## Task brief
Every line below from the one with "Sweetheart Straps Beaded" through the one with "Пожарно-технический минимум |" is to be repeated exactly, with no picture among them.

## Given material
· · ·

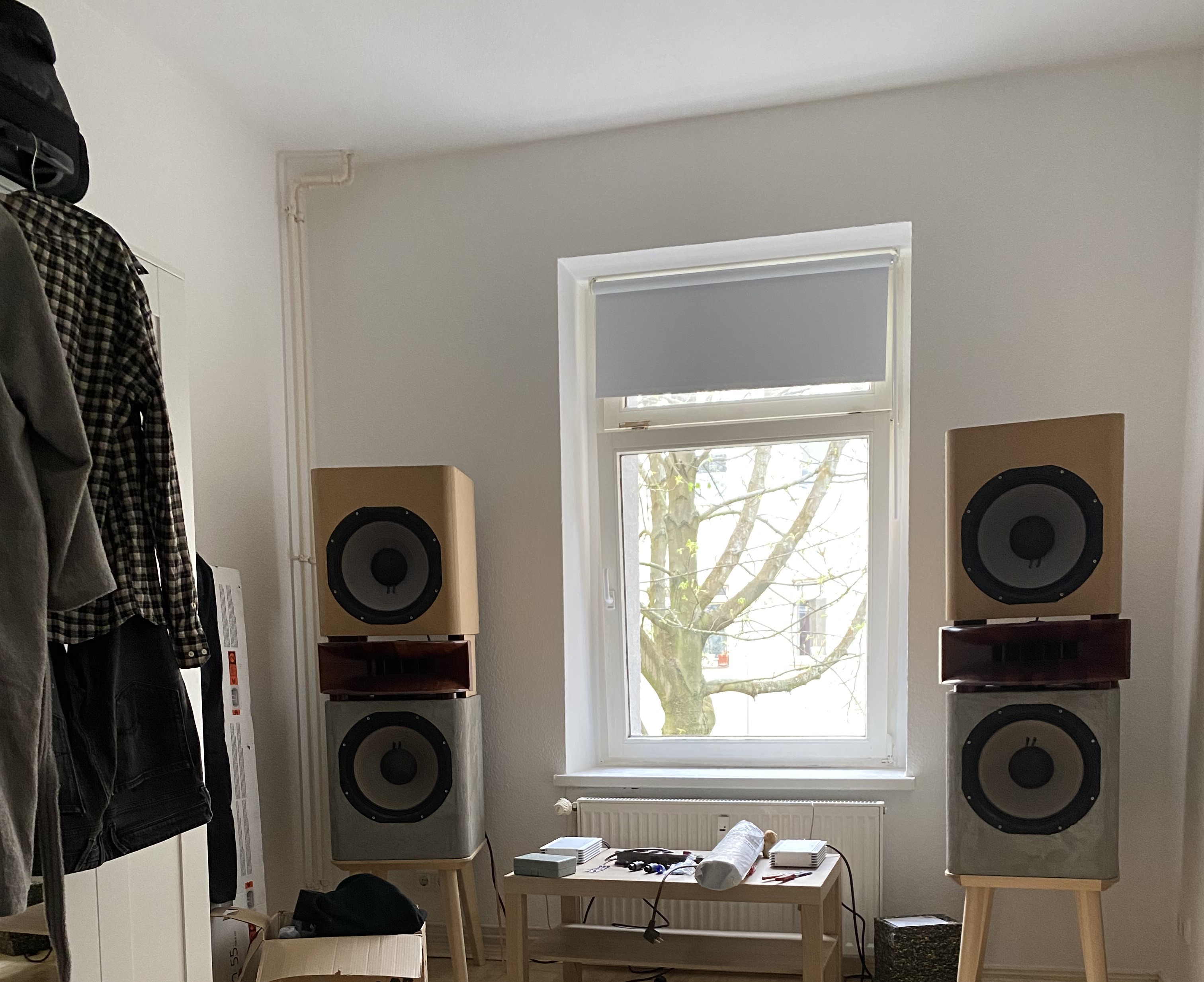 Die kleine im Büro. Der Raum ist nur 12qm groß. Gehört wird im Nahfeld mit etwa 1m Hörabstand. In den Ecken seht ihr einige Aborber, die bringen die Nachhallzeit unter 0,5 s. Der Subwoofer steht unter dem Schreibtisch und wird von einem MiniDSP, hinter das ich noch ein Antimode eingeschleift habe, entzerrt. An der Rückwand steht eine eTrap, das ist ein aktiver Absorber für die stärkste Raummode. Das Ding benutze ich aber selten, meistens zum Musik hören. Die Akustik ist sehr trocken, aber im Nahfeld mag ich das. Klingt wie ein großer Kopfhörer.
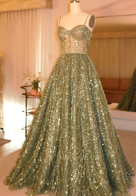 Sweetheart Straps Beaded Embroidery Sparkly Prom Dress
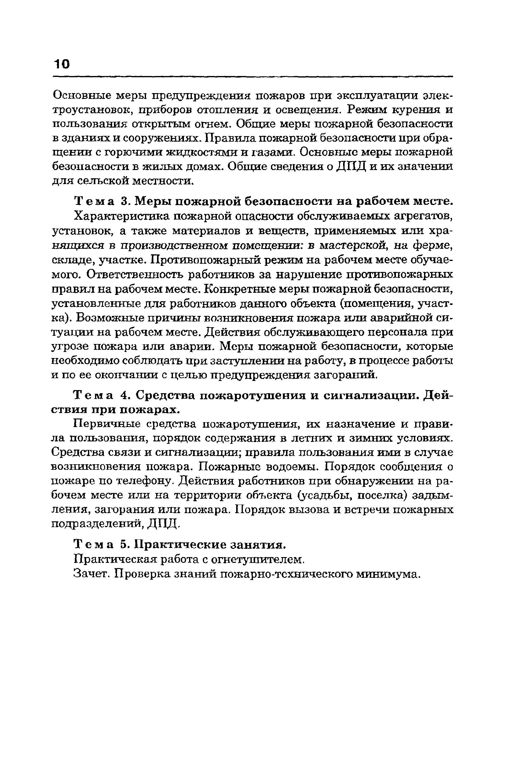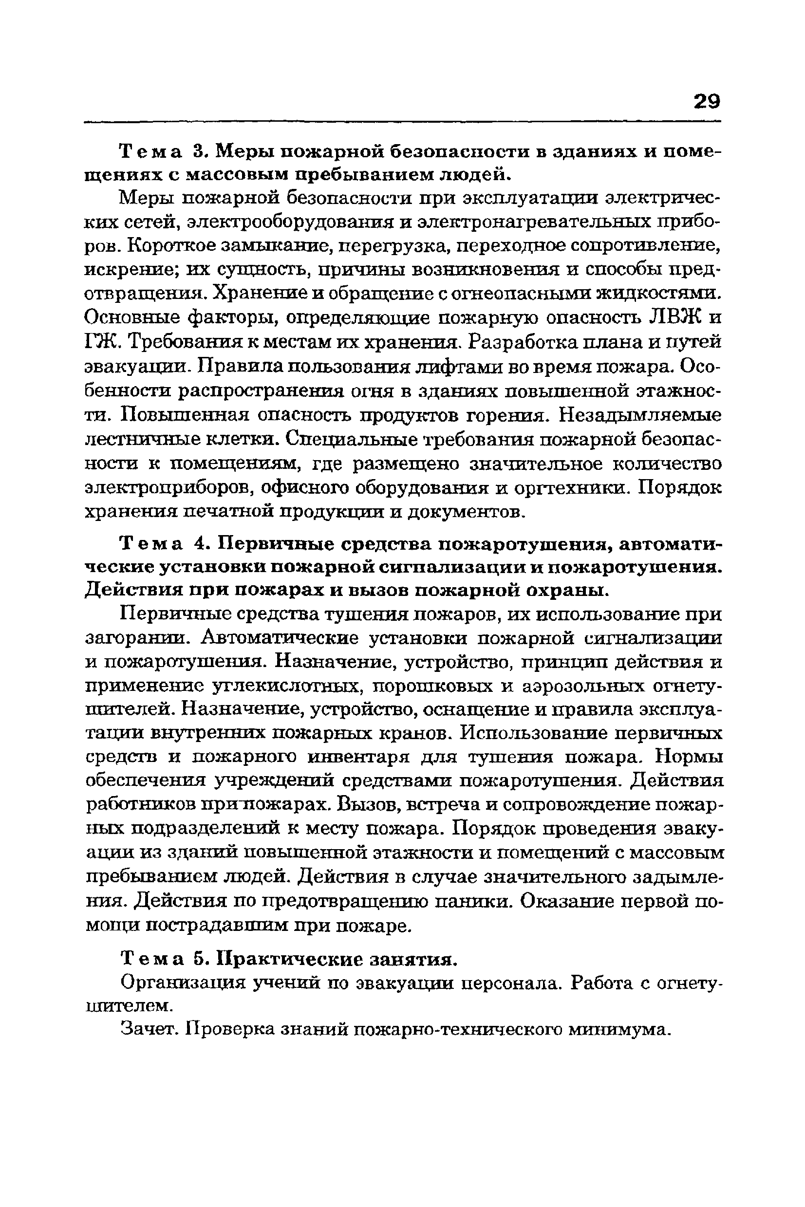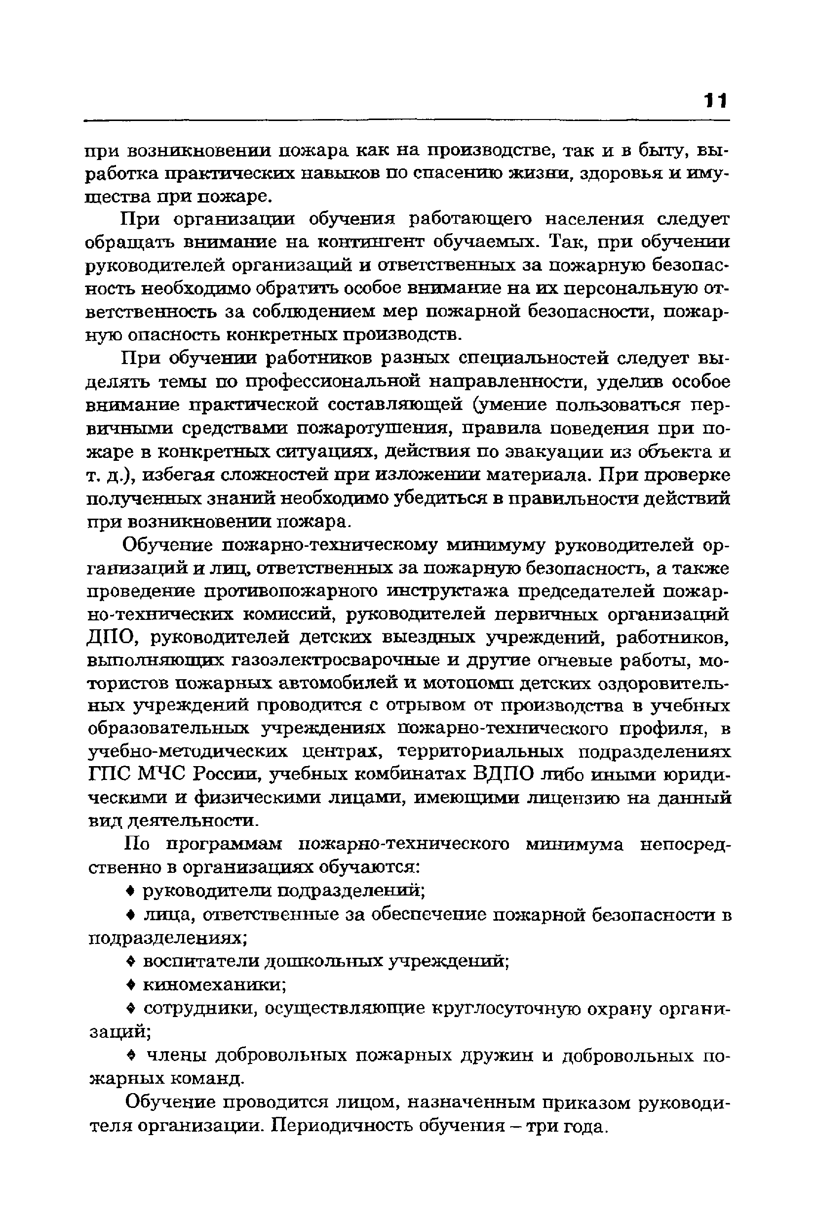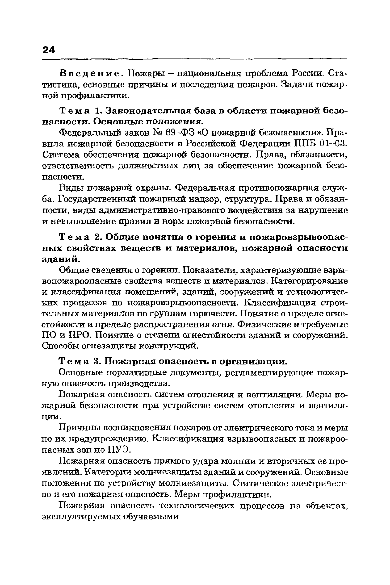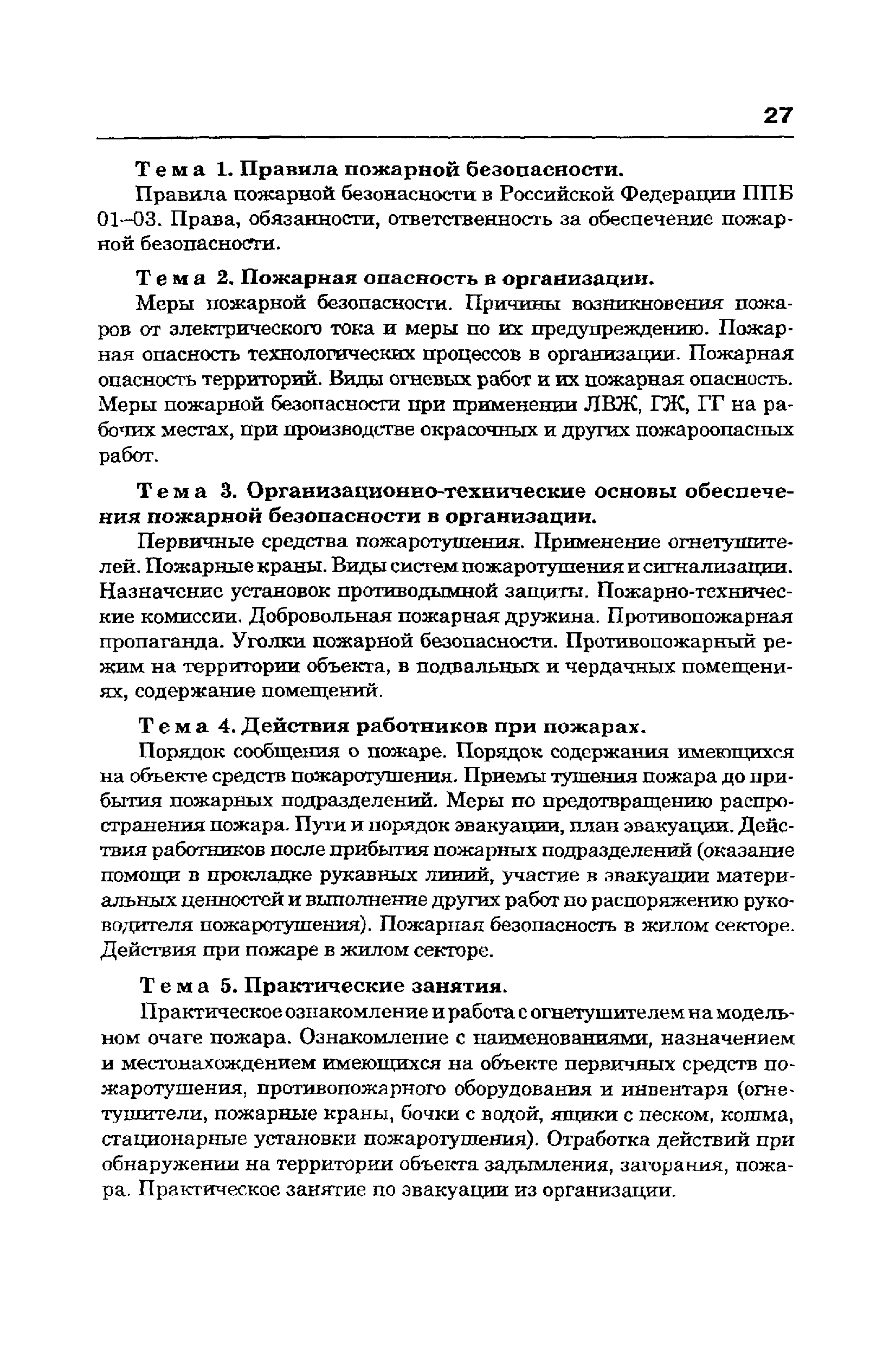 | Оглавление: | Введение 1 Термины и определения. Условные сокращения 2 Цели и задачи обучения руководителей и работников организаций в области пожарной безопасности 3 Виды обучения 3.1. Противопожарный инструктаж 3.2. Пожарно-технический минимум 4 Учебные (специальные) программы обучения в области пожарной безопасности 5 Правила изложения учебных программ и нормативно-техническая литература 6 Методические указания по организации деятельности государственного пожарного надзора в области организации обучения населения мерам пожарной безопасности и противопожарной пропаганды Приложение 1. Журнал учета проведения инструктажей по пожарной безопасности Приложение 2. Примерная программа противопожарного инструктажа Приложение 3. Пожарно-технический минимум |
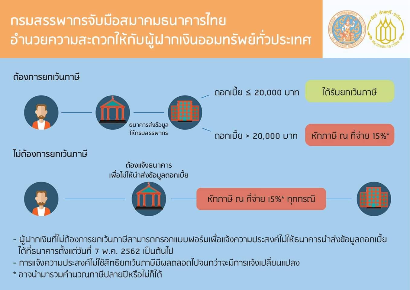 โดยการแจ้งครั้งเดียวจะมีผลตลอดไป จนกว่าลูกค้าจะมาแจ้งเปลี่ยนแปลงเป็นอื่น ทั้งนี้ ลูกค้าที่มาแจ้งภายในวันที่ 14 พฤษภาคม 2562 จะมีผลตั้งแต่รอบภาษีดอกเบี้ยจ่ายครึ่งปีแรกในเดือนมิถุนายนเป็นต้นไป สอบถามข้อมูลเพิ่มเติมที่ศูนย์สารนิเทศสรรพากร (RD Intelligence Center) โทร. 1161 หรือที่สำนักงานสรรพากรทุกแห่งทั่วประเทศ

· · ·

## Output for this exercise
 Sweetheart Straps Beaded Embroidery Sparkly Prom Dress
 | Оглавление: | Введение 1 Термины и определения. Условные сокращения 2 Цели и задачи обучения руководителей и работников организаций в области пожарной безопасности 3 Виды обучения 3.1. Противопожарный инструктаж 3.2. Пожарно-технический минимум 4 Учебные (специальные) программы обучения в области пожарной безопасности 5 Правила изложения учебных программ и нормативно-техническая литература 6 Методические указания по организации деятельности государственного пожарного надзора в области организации обучения населения мерам пожарной безопасности и противопожарной пропаганды Приложение 1. Журнал учета проведения инструктажей по пожарной безопасности Приложение 2. Примерная программа противопожарного инструктажа Приложение 3. Пожарно-технический минимум |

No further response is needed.